Thai actress (born 1993)

Mint Chalida Vijitvongthong (ชาลิดา วิจิตรวงศ์ทอง, ; August 8, 1993) is a Thai actress.

== Career ==
Chalida Vijitvongthong is of Chinese and Indian descent. She first started her acting career in television commercials and made her acting breakthrough when she appears in 4 Huajai Hae Koon Kao or 4 Hearts of the Mountain in Channel 3 as Cher-Aim where she was paired with rookie actor Prin Suparat and gained popularity having a fan-base together with co-star Prin Suparat known as M&M or MM which stands for both their nicknames Mint and Mark.

By 2011, she once again reunited with Pathapee Leh Ruk co-star Prin Suparat and Urassaya Sperbund in a Western-style drama called Tawan Deard but this time not as his leading lady, where she plays Ploy Kwan, Urassaya's younger sister.

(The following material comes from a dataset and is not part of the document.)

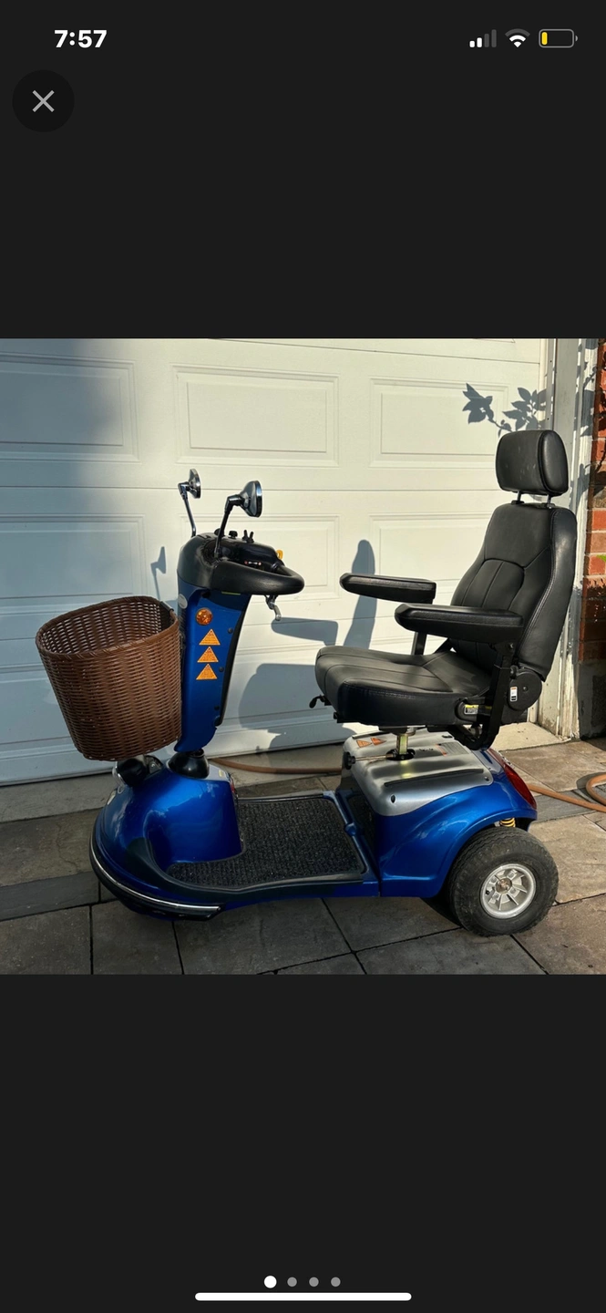 Blue mobility scooter with basket. Has lights and a seat with a headrest. It has a turning radius of 45 inches and a top speed of 20km/hr. The scooter is in good condition and runs well. I also have another blue one close a little bit faster about 32 km. It is the one with the basket in the back. It has an alarm key fob alarm system and brand new batteries just purchased in July, they were my mom, Scooter’s, both Scooter’s still in great shape, serious buyers only thank you,

In the same year, she got cast in Ruk Pathiharn which she co-star with Alex Rendell as her leading man and Kimberly Ann Voltemas as one of the leading ladies in 4 Huajai Hae Koon Kao.

By 2012, she was once again reunited with Prin Suparat whom she worked with, in her other 2 dramas, this time in Nuer Mek 2 the sequel of 2010s Nuer Mek which starred Chakrit Yamnarm and Khemapsorn Sirisukha, this drama is cut off by the Thai government due "Political Issues". Chalida was then cast in a 5 series drama of Channel 3 called Suparburoot Juthathep revolving around the story of 5 brothers which she starred together with rookie actor James Ma who is having his acting debut in this drama, in this drama Chalida was praised by her improved acting skills despite her acting issues in her first leading role in Pathapee Leh Ruk.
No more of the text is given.